The Uber robotaxis will be available to the public in Vegas by selecting the UberX or Uber Comfort Electric options on the ride-hailing app starting today. There’s no need to be part of a beta group or have signed up beforehand; the robotaxi service is just there, waiting to be waved down (well, tapped on) via the Uber app. Users will have the option to turn down rides in the robotaxis if they’d rather not rely on autonomous vehicles. And since this is still in the early stages for Uber, there will be human operators in the AVs for safety reasons.
Motional says its taxis are level 4 autonomous vehicles, which means they should be capable of operating without any help or intervention from human drivers, but putting AI behind the wheel of a 4,400-pound EV with gobs of torque can be risky.
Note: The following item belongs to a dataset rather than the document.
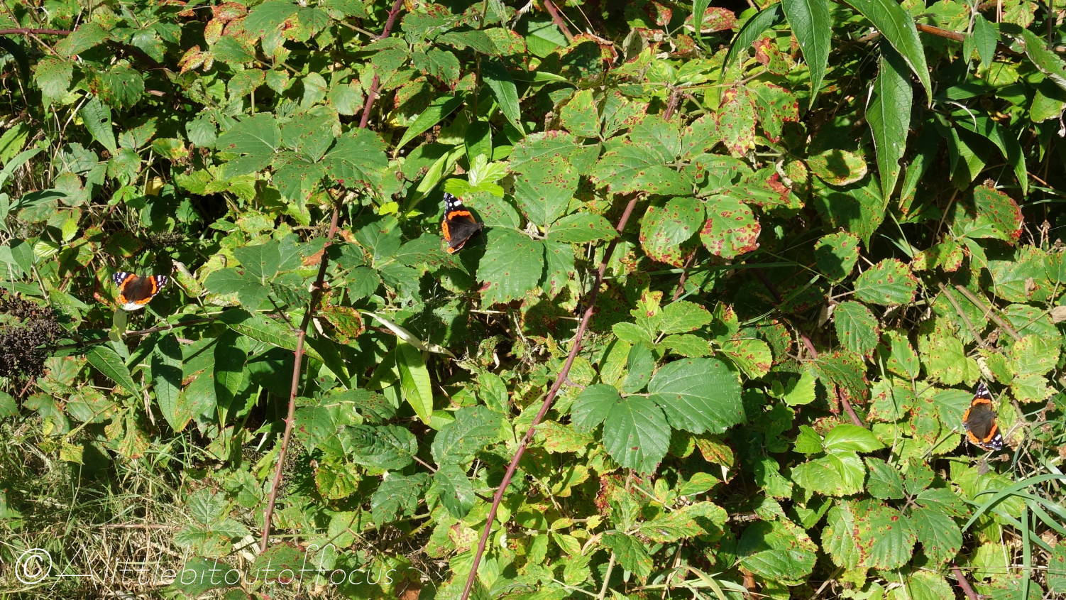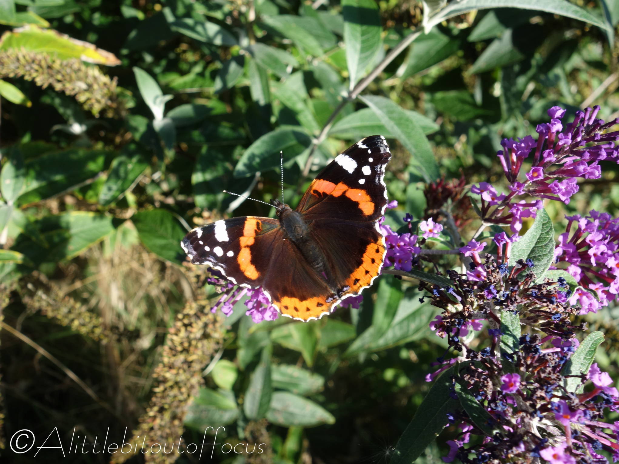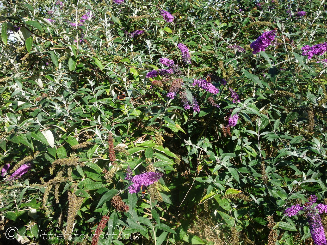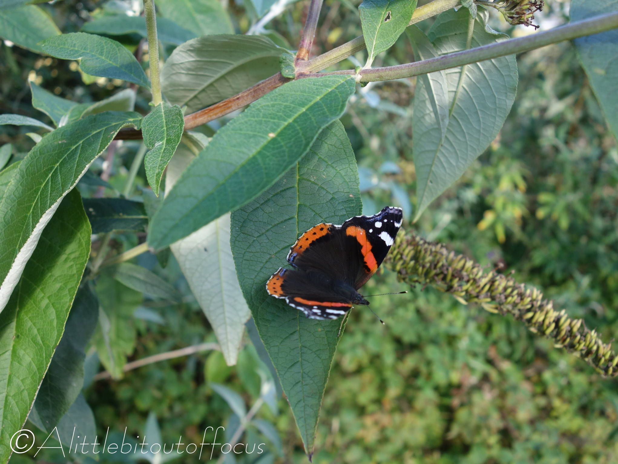 Anyway, I’ve mentioned (I think) in a previous post how many buddleia bushes there are dotted around the area and I was bemoaning the fact that the butterflies always seemed to fly by and dismiss those in our garden as ‘same old, same old’. However, I didn’t know that they flowered again in the autumn and for the past few days our biggest bush has been awash with Red Admirals (vanessa atalanta) – sometimes 7 or 8 at a time. I’ve seen other butterflies too, but only managed to capture a Painted Lady (vanessa cardui).

The cars are based on the Hyundai Ioniq 5, but are modified with a suite of onboard sensors that include cameras, radar, and lidar.
Uber knows all about the risk AVs can pose after having invested billions of dollars to develop its own robotaxis, which would supposedly have put Uber on the path to profitability. But developmental delays and the death of a pedestrian in 2017 forced Uber to shutter the program; the pedestrian was killed by an Uber AV in Tempe, Arizona, while crossing the street, according to the New York Times.
Now, it looks like Uber is unwilling to fall behind as autonomous vehicles keep moving forward in the U.S., with competitors such as Cruise offering public rides in robotaxis. But Uber would rather put the onus of AVs on Motional, which is a joint-venture between Hyundai and Aptiv that’s been operating robotaxis in Las Vegas for five years, offering limited rides for Lyft users since 2018. That means these new Uber robotaxis won’t be a novel sight on the strip; these latest Hyundai Ioniq 5 EVs joining Uber will just wear a logo that they hadn’t worn before.